▶ TASK OBJECTIVE:
Could you write out, exactly as they stand, only the lines in the listing below from the line with "В результате административных" to the line with "Zapachowa świeca woskowa", both ends included, without the pictures?

··· TASK INPUTS ···

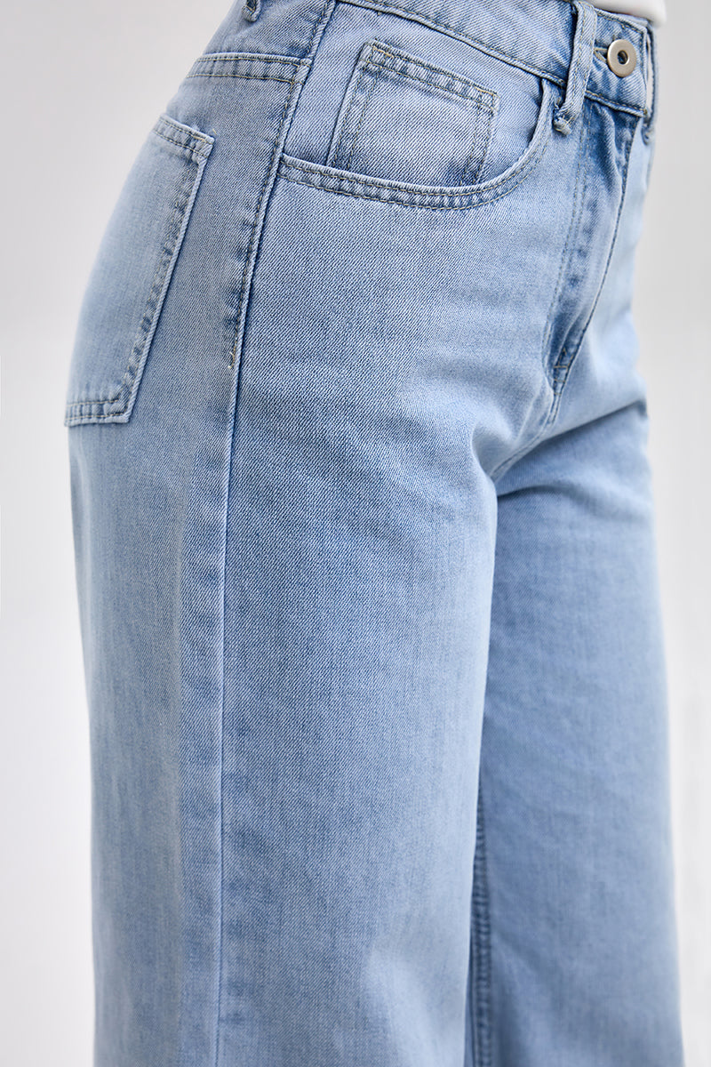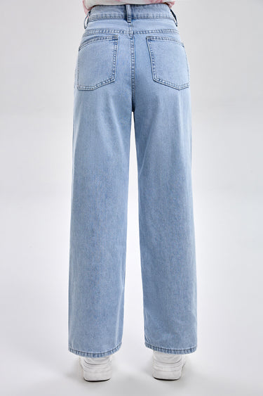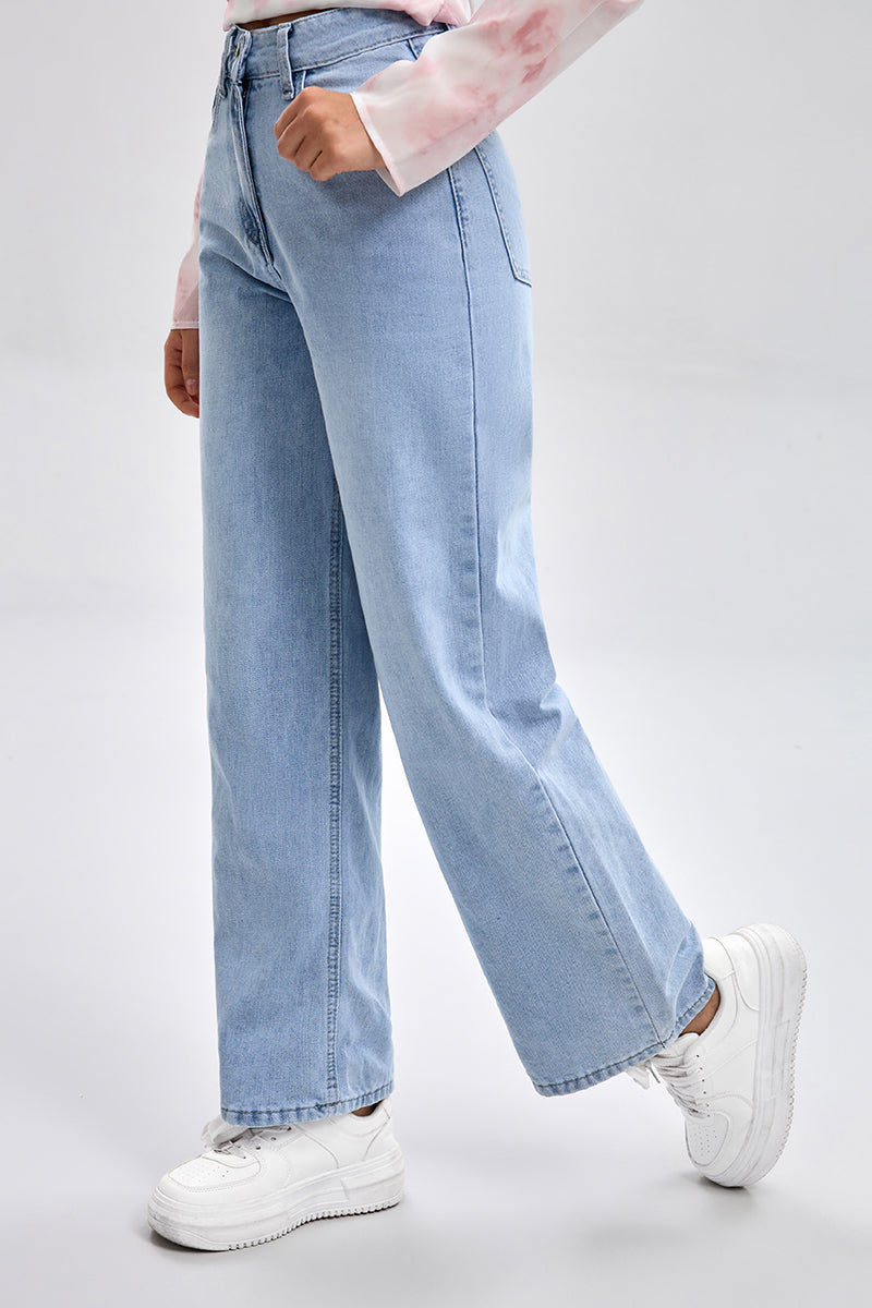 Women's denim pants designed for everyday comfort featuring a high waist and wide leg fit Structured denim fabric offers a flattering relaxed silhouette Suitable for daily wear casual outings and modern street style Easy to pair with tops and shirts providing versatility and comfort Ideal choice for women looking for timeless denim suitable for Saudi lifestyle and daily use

···
··· TASK INPUTS ···

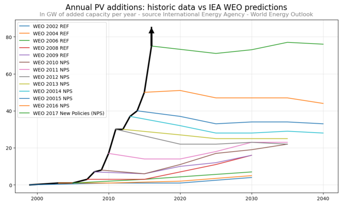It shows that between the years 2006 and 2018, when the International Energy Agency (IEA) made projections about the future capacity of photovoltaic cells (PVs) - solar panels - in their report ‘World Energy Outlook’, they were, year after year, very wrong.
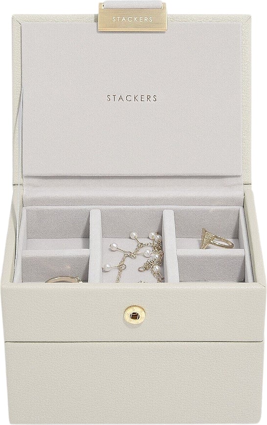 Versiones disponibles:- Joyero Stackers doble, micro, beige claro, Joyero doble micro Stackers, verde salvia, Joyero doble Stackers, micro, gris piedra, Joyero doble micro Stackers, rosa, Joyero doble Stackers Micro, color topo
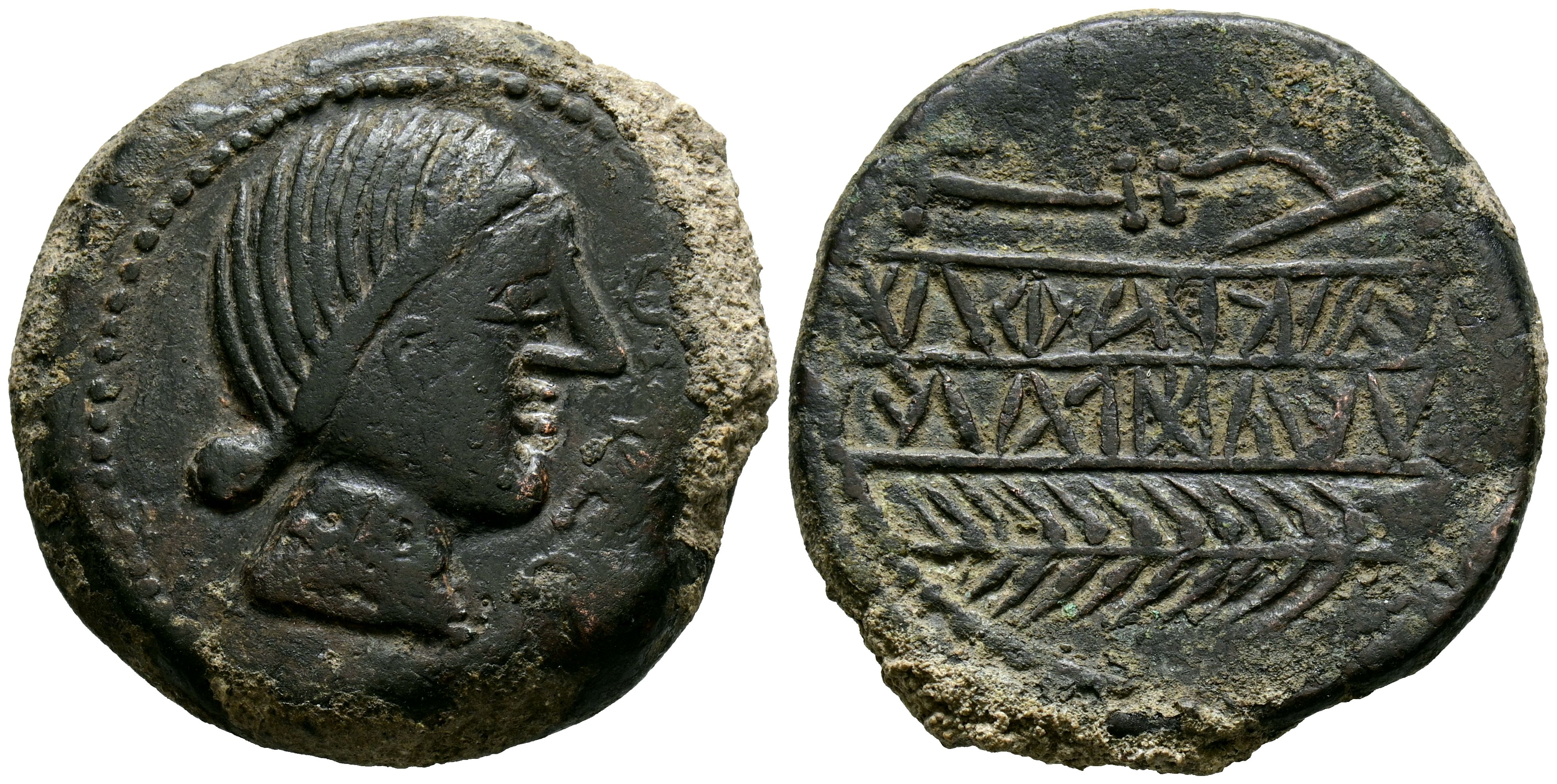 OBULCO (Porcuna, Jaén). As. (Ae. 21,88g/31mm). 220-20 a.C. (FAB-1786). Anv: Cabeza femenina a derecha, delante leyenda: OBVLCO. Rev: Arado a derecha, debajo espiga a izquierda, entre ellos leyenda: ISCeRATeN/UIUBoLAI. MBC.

···
··· TASK INPUTS ···

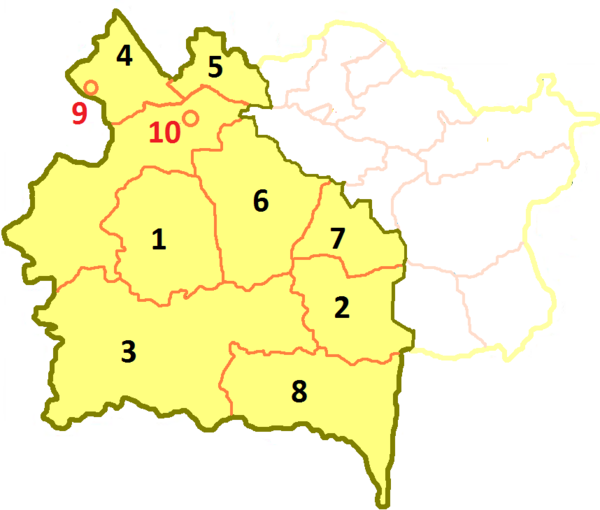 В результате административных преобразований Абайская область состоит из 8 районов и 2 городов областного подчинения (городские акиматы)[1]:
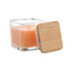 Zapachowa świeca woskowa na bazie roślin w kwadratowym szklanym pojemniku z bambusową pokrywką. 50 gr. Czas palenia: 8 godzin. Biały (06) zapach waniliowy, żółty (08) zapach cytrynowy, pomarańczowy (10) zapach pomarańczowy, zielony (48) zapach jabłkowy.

···

▶ RESPONSE:
 В результате административных преобразований Абайская область состоит из 8 районов и 2 городов областного подчинения (городские акиматы)[1]:
 Zapachowa świeca woskowa na bazie roślin w kwadratowym szklanym pojemniku z bambusową pokrywką. 50 gr. Czas palenia: 8 godzin. Biały (06) zapach waniliowy, żółty (08) zapach cytrynowy, pomarańczowy (10) zapach pomarańczowy, zielony (48) zapach jabłkowy.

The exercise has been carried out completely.